Костер плясал и плевался оранжевыми искрами, которые уносились куда-то вверх, к исполосованному облаками, отрешенному небу.

Остер Кинн – а колышек точил именно он – отложил почти готовую работу и помешал содержимое котелка.

– Что это? – поинтересовалась Сэй-Тэнь.

– Питательный бульон. Силы восстанавливает, – пояснил тот.

– А куда все подевались?

– Минорис и Таймири позавтракали и сейчас в лесу. Сказали, пойдут собирать какое-то растение. Оно встречается только в этих горах и только под старыми соснами.

– А философ?

– Возится со своим свитком. Говорит, свиток страшно секретный.

– А Кэйтайрон и Папирус?

– Отлучились, кажется, по нужде, – махнул рукой Остер Кинн.

Таймири сорвала очередную кудрявую устерцию и бережно опустила в пакет, где скопилось уже достаточно трав, чтобы сварить из них полноценный суп. На листьях устерции была белая полупрозрачная пленка, а запах от растения шел специфический и необычайно крепкий.

– Может, пора закругляться? – спросила Минорис. – А то я скоро спины не разогну.

– Погоди немного, наполним пакет доверху, – пробормотала Таймири. – Эдна Тау говорила, что устерция снимает боль, а настой из нее бодрит.

– В таком случае, эти травы очень бы пригодились моей сводной сестре Лимэрин. У нее долго не заживала рана от укуса скорпиона, что водится на южной оконечности острова Олмау.

– Ты скучаешь по ней?

– И не только по ней. В приемной семье меня не очень-то любили. Но я к ним привыкла…

– Что, даже к мачехе? Она-то уж точно не сахар, – отложив пакет, заметила Таймири. – Не переживай, ты ведь еще с ними увидишься.

– Нет, – покачала головой Минорис. – Если я попадусь мачехе на глаза, она сразу же выдаст меня замуж.
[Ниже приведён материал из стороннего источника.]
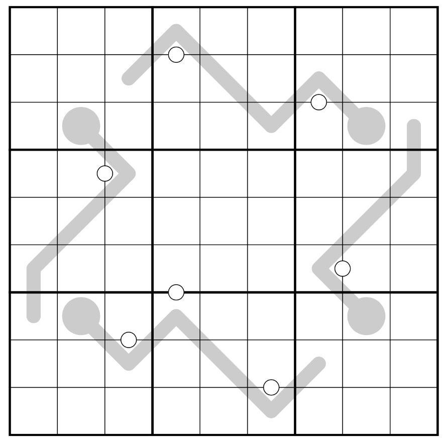 Cells separated by a white dot contain consecutive digits. Not all dots are given. (Partial Kropki)

У нее в роду побег невесты считается позором, смыть который может лишь немедленная свадьба.

– Ну и обычаи, – поморщилась Таймири. – Да если б моя тетушка заикнулась о свадьбе, я бы… Я бы тотчас сбежала из дому!

– Прислушайся, ты ничего не… – прошептал Остер Кинн и оборвал речь на полуслове. Крик повторился вновь.

– Зовут на помощь. Кто-то в беде! – встревожилась Сэй-Тэнь.

Остер Кинн вскочил на ноги.

– Последи за пламенем, а я сбегаю, посмотрю, в чем там дело, – сказал он и скрылся в лесу.

– Ну, что опять происходит? – недовольно спросил философ, высунувшись из-за ствола коренастой сосны. В последнее время он принципиально держался особняком. Ему, видите ли, требовалась тишина. Диоксид изучал какой-то свиток, но Сэй-Тэнь полагала, что всё это отговорки и что старик просто устал от их компании.

Сняв кастрюлю с огня, она набрала полный рот горького бульона и демонстративно отвернулась.

Когда, покончив со сбором трав, Минорис и Таймири вышли на прогалину, тишину вспорол неистовый рев. Как будто кто-то завел и тут же выключил исполинскую электропилу. Таймири импульсивно сжала пакет. Ей на минуту показалось, что гора сотряслась от основания до самой верхушки.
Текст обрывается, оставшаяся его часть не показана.